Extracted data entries

+++++

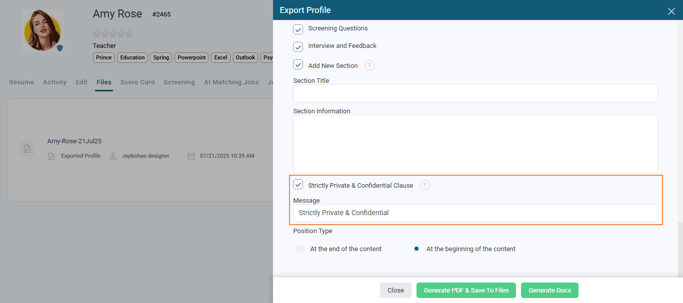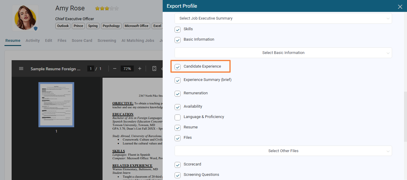 Work Experience is now also included in the Export Profile feature (PDF export from Candidate View).
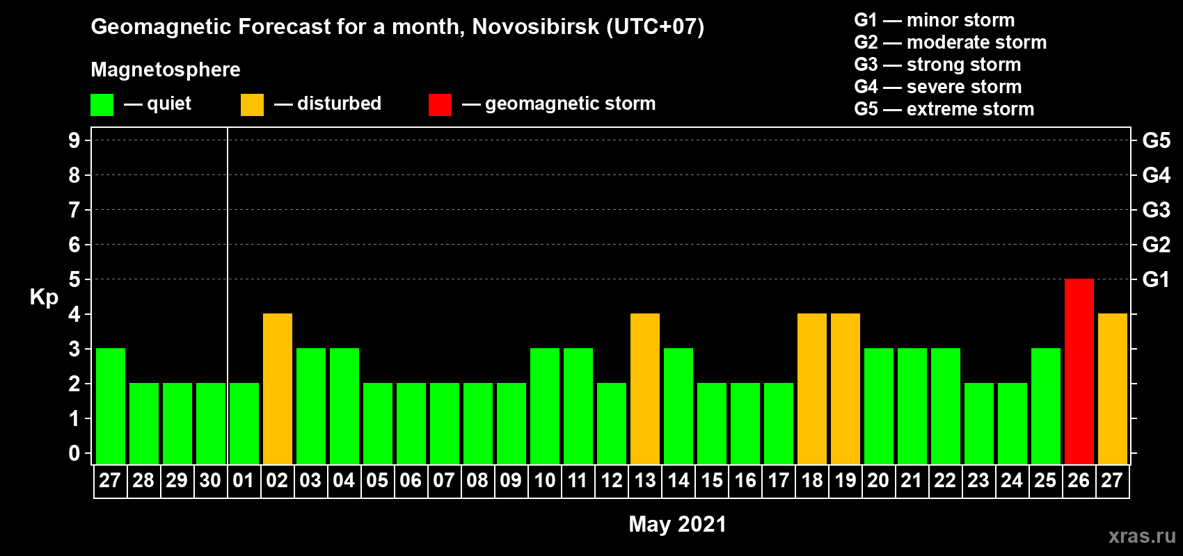 Geomagnetic storm forecast in Novosibirsk for Apr 27, 2021
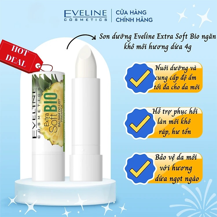 Son dưỡng Eveline Extrasoft Bio ngăn khô môi hương dứa 4g
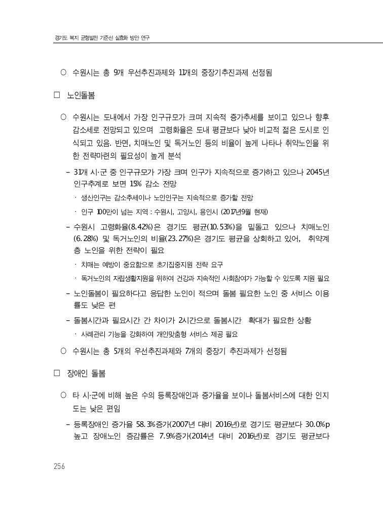 경기도 복지 균형발전 기준선 실효화 방안 연구 256 ○ 수원시는 총 9개 우선추진과제와 11개의 중장기추진과제 선정됨 □ 노인돌봄 ○ 수원시는 도내에서 가장 인구규모가 크며 지속적 증가추세를 보이고 있으나 향후 감소세로 전망되고 있으며 고령화율은 도내 평균보다 낮아 비교적 젊은 도시로 인 식되고 있음. 반면, 치매노인 및 독거노인 등의 비율이 높게 나타나 취약노인을 위 한 전략마련의 필요성이 높게 분석 - 31개 시·군 중 인구규모가 가장 크며 인구가 지속적으로 증가하고 있으나 2045년 인구추계로 보면 15% 감소 전망 ・ 생산인구는 감소추세이나 노인인구는 지속적으로 증가할 전망 ・ 인구 100만이 넘는 지역:수원시, 고양시, 용인시 (2017년9월 현재) - 수원시 고령화율(8.42%)은 경기도 평균(10.53%)을 밑돌고 있으나 치매노인 (6.28%) 및 독거노인의 비율(23.27%)은 경기도 평균을 상회하고 있어, 취약계 층 노인을 위한 전략이 필요 ・ 치매는 예방이 중요함으로 초기집중지원 전략 요구 ・ 독거노인의 자립생활지원을 위하여 건강과 지속적인 사회참여가 가능할 수 있도록 지원 필요 - 노인돌봄이 필요하다고 응답한 노인이 적으며 돌봄 필요한 노인 중 서비스 이용 률도 낮은 편 - 돌봄시간과 필요시간 간 차이가 2시간으로 돌봄시간 확대가 필요한 상황 ・ 사례관리 기능을 강화하여 개인맞춤형 서비스 제공 필요 ○ 수원시는 총 5개의 우선추진과제와 7개의 중장기 추진과제가 선정됨 □ 장애인 돌봄 ○ 타 시·군에 비해 높은 수의 등록장애인과 증가율을 보이나 돌봄서비스에 대한 인지 도는 낮은 편임 - 등록장애인 증가율 58.3%증가(2007년 대비 2016년)로 경기도 평균보다 30.0%p 높고 장애노인 증감률은 7.9%증가(2014년 대비 2016년)로 경기도 평균보다
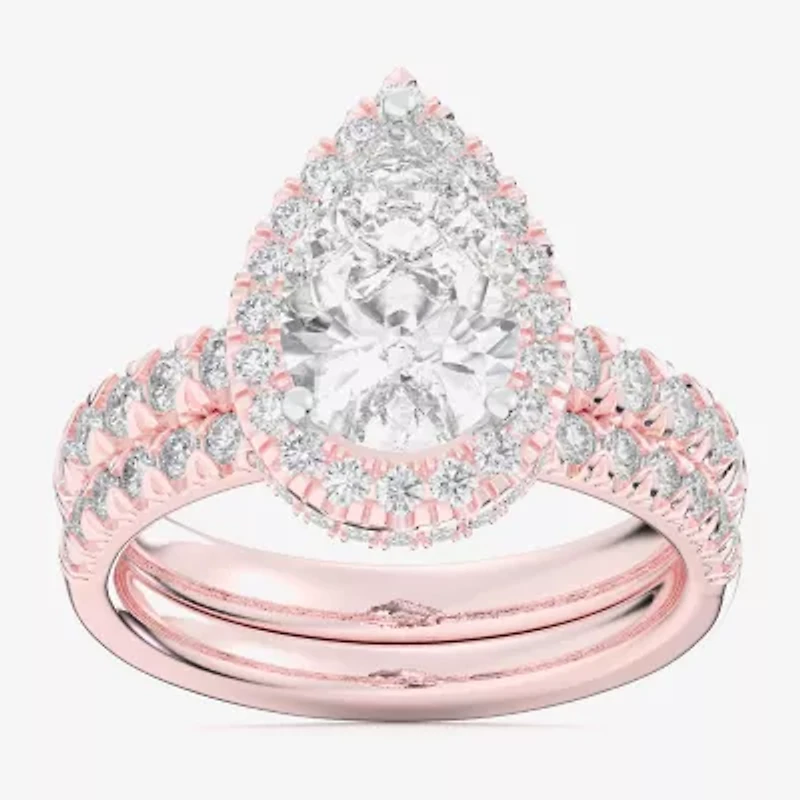 (G-H / Si1-Si2) Womens 4 1/4 CT. T.W. Lab Grown White Diamond 14K Gold Pear Side Stone Halo Bridal Set
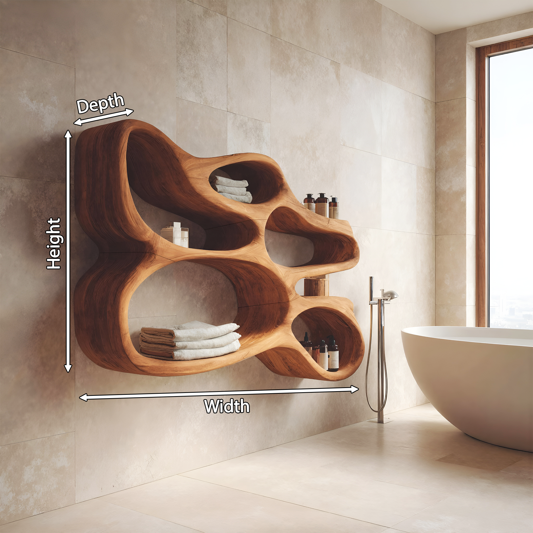 - Versatile Placement: Well-suited for placement beside bathtubs, along open bathroom walls, or as a focal storage element in spacious interiors, this wall shelf adapts easily to different layouts. Its sculptural form works particularly well in areas where storage needs to remain visually light while still offering generous capacity.
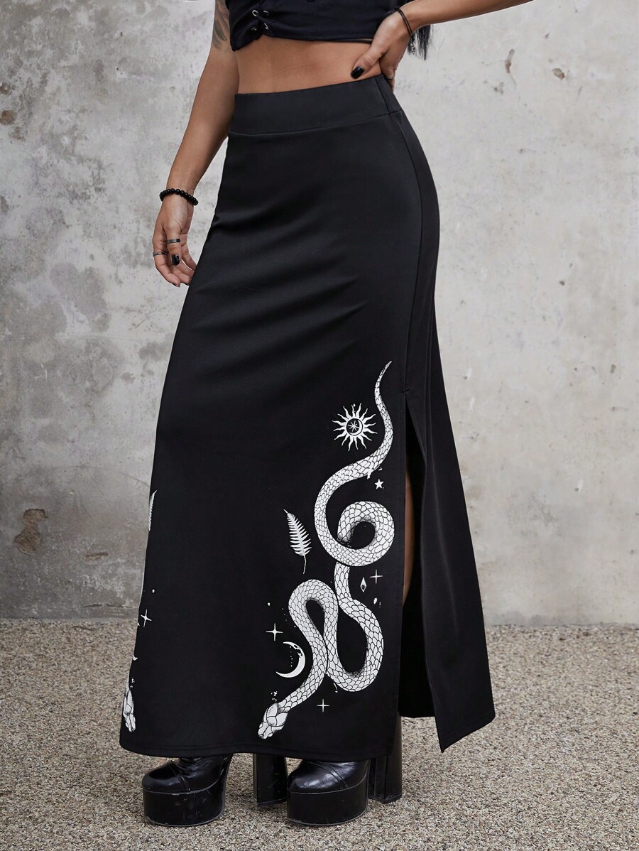 Goth Falda de estampado de serpiente con abertura en el muslo
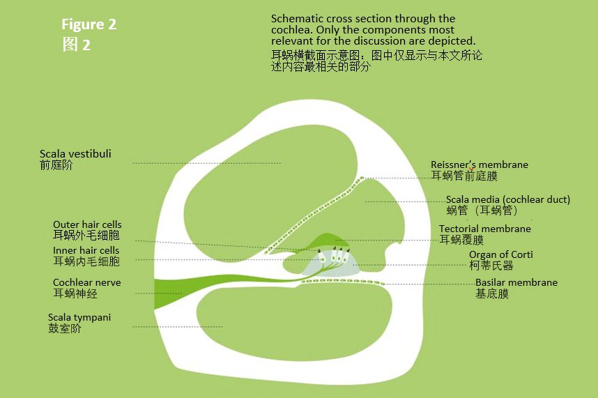 耳蜗横截面详图(见图2)显示了充满淋巴液的第三个腔体——蜗管,蜗管与前庭阶和鼓室阶平行。我们还能看到前庭阶不直接接触基底膜,耳蜗管前庭膜将前庭阶与蜗管分隔开来。
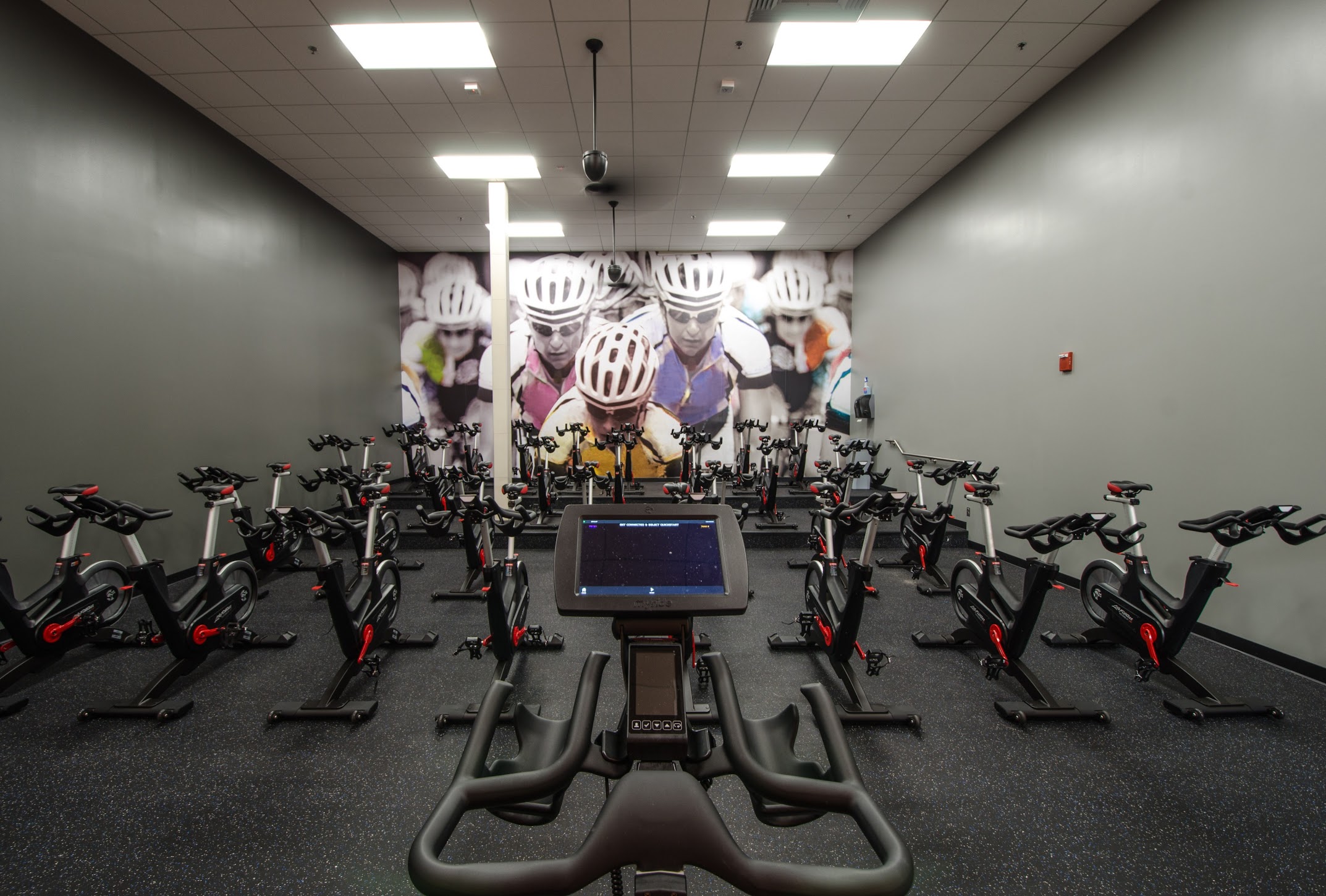 Spacious, clean gym, fitness class and Pilates-studio featuring a pool and an indoor water park, with personal training options.
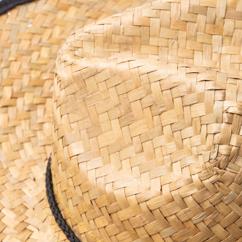 Kapelusz z naturalnej słomy, z poliestrowym wzmocnieniem wokół brzegu i regulowanym ściągaczem od góry, dopasowanym kolorystycznie do wykończenia.
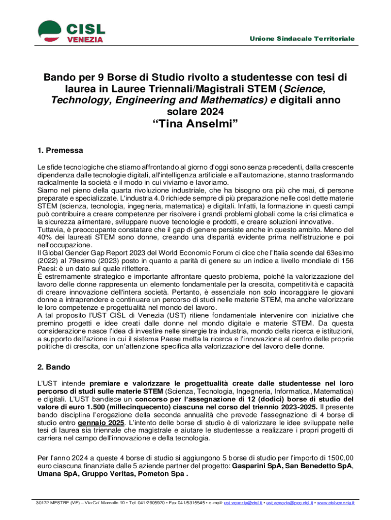 Ottieni il gratuito Bando per 9 Borse di Studio rivolto a studentesse con tesi di
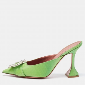Amina Muaddi Green Satin Crystal Embellished Begum Pointed Toe Mules Size 40.5
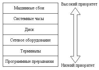 так, как будто ничего не случилось. Устройствам обычно приписываются приоритеты в соответствии с очередностью обработки прерываний. В процессе обработки прерываний ядро учитывает их приоритеты и блокирует обслуживание прерывания с низким приоритетом на время обработки прерывания с более высоким приорите-том.
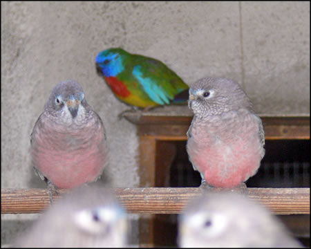 Junge Borkesittiche, hinten 1,0 Glanzsittich
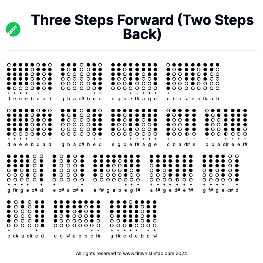 Three Steps Forward (Two Steps Back) - Tin Whistle Tab & Backing Track Readable and Easy to play

+++++

→ **WHAT YOU ARE ASKED TO DO**: I'd like the lines above repeated exactly, from the one that contains "Geomagnetic storm forecast" through the one that contains "Son dưỡng Eveline", with no pictures.

→ **WRITTEN ANSWER**:
 Geomagnetic storm forecast in Novosibirsk for Apr 27, 2021
 Son dưỡng Eveline Extrasoft Bio ngăn khô môi hương dứa 4g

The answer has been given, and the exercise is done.